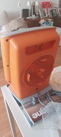 Stufetta termoventilatore elettrico De Longhi adatto anche per bambini e ambienti umidi (IP21), fa anche da ventilatore estivo, termostato ambiente con funzione antigelo, colore arancione.
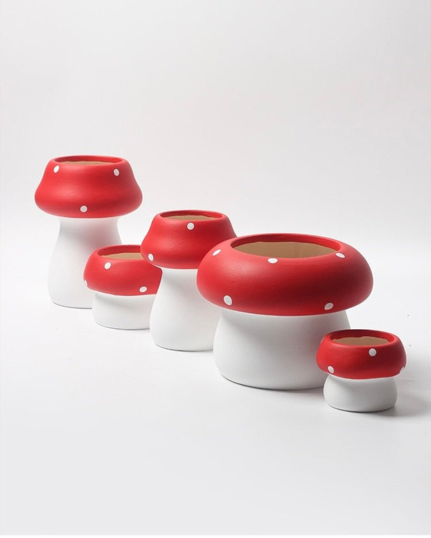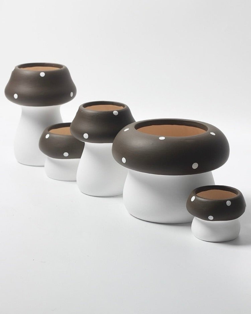 Grow some cute mushrooms in your backyard, front porch or patios! Featuring cute whimsical mushrooms, these handmade mushroom plant pots are crafted by skilled artisans to dazzle your neighbours or guests. Made from high-quality pottery material, these pottery pots could be used indoor to grow & showcase succulent plants while also as accent pieces to add a playful touch to your space
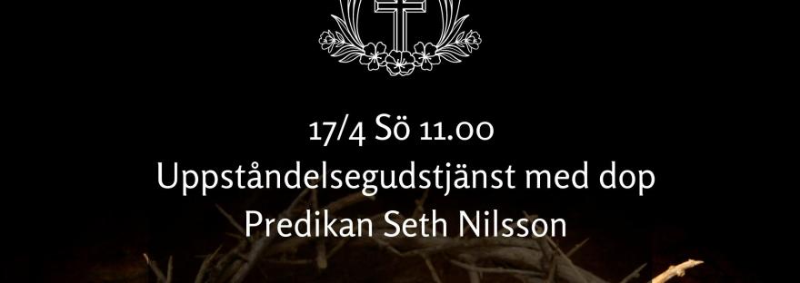 Välkommen till Påskdagsgudstjänst med Dop! Predikar gör Seth Nilsson. Sång och musik av Lennart, Gudrun och Eva, samt Berith. Söndagsskola. Servering efter gudstjänsten. Välkommen!
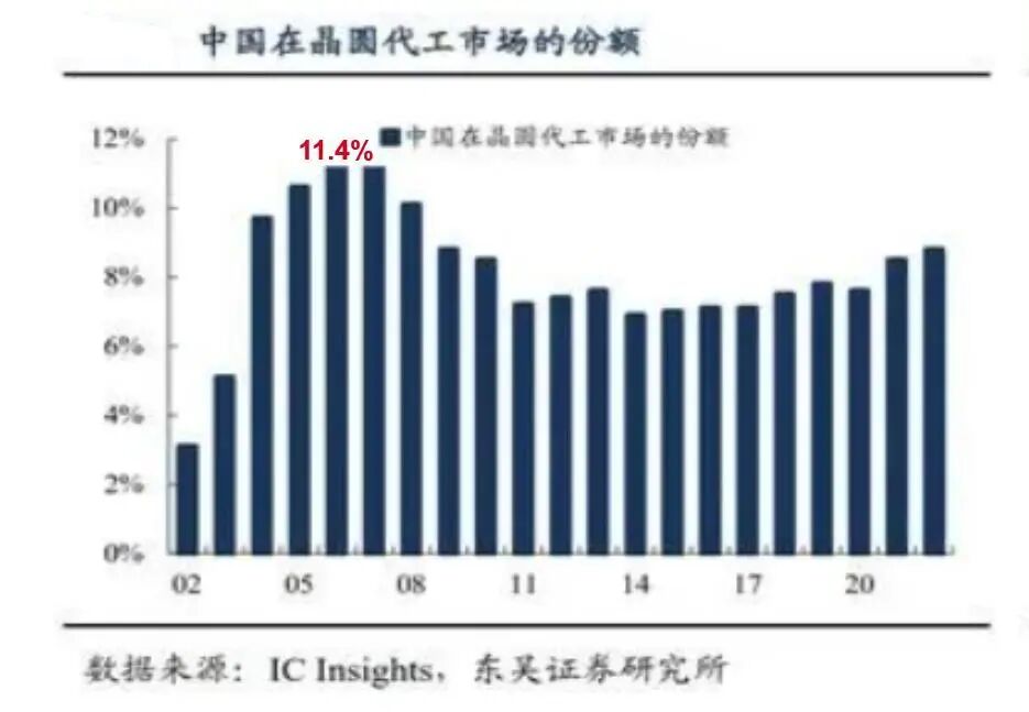而中国自从中芯国际创立之后,在芯片代工方面,也是突飞猛进,按照IC insights的数据,2006 年中国大陆芯片代工份额占全球的比例约为11.4%。
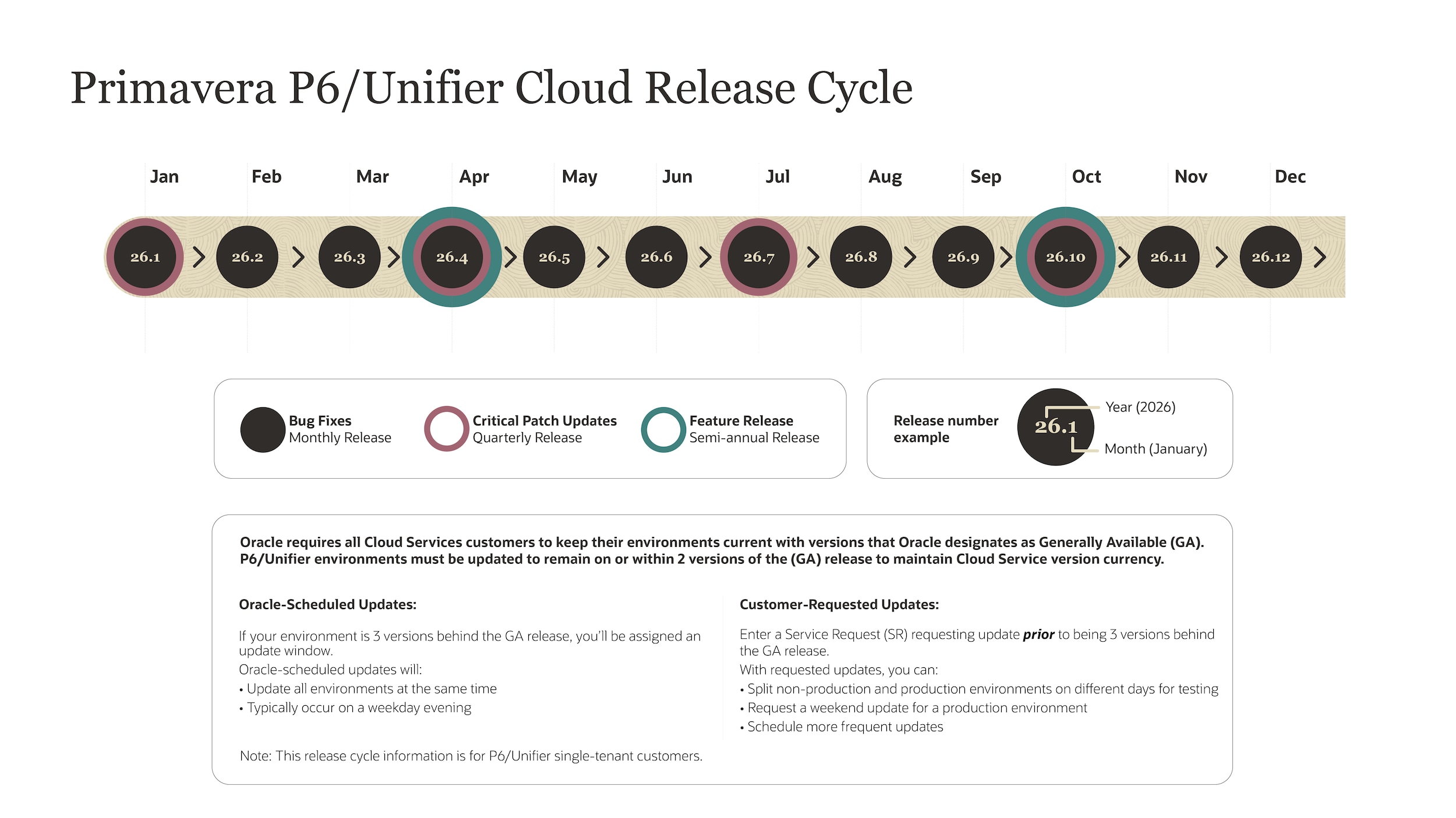 Oracle requires all Cloud Services customers to keep their environments current with versions that Oracle designates as Generally Available (GA). P6/Unifier environments must be updated to remain on or within 2 versions of the GA release to maintain Cloud Service version currency.
++++++
PROBLEM TO WORK ON: Print, without pictures, exactly the lines from the one containing "Välkommen till Påskdagsgudstjänst" through the final line of the records above.

ANSWER SPACE:
 Välkommen till Påskdagsgudstjänst med Dop! Predikar gör Seth Nilsson. Sång och musik av Lennart, Gudrun och Eva, samt Berith. Söndagsskola. Servering efter gudstjänsten. Välkommen!
而中国自从中芯国际创立之后,在芯片代工方面,也是突飞猛进,按照IC insights的数据,2006 年中国大陆芯片代工份额占全球的比例约为11.4%。
 Oracle requires all Cloud Services customers to keep their environments current with versions that Oracle designates as Generally Available (GA). P6/Unifier environments must be updated to remain on or within 2 versions of the GA release to maintain Cloud Service version currency.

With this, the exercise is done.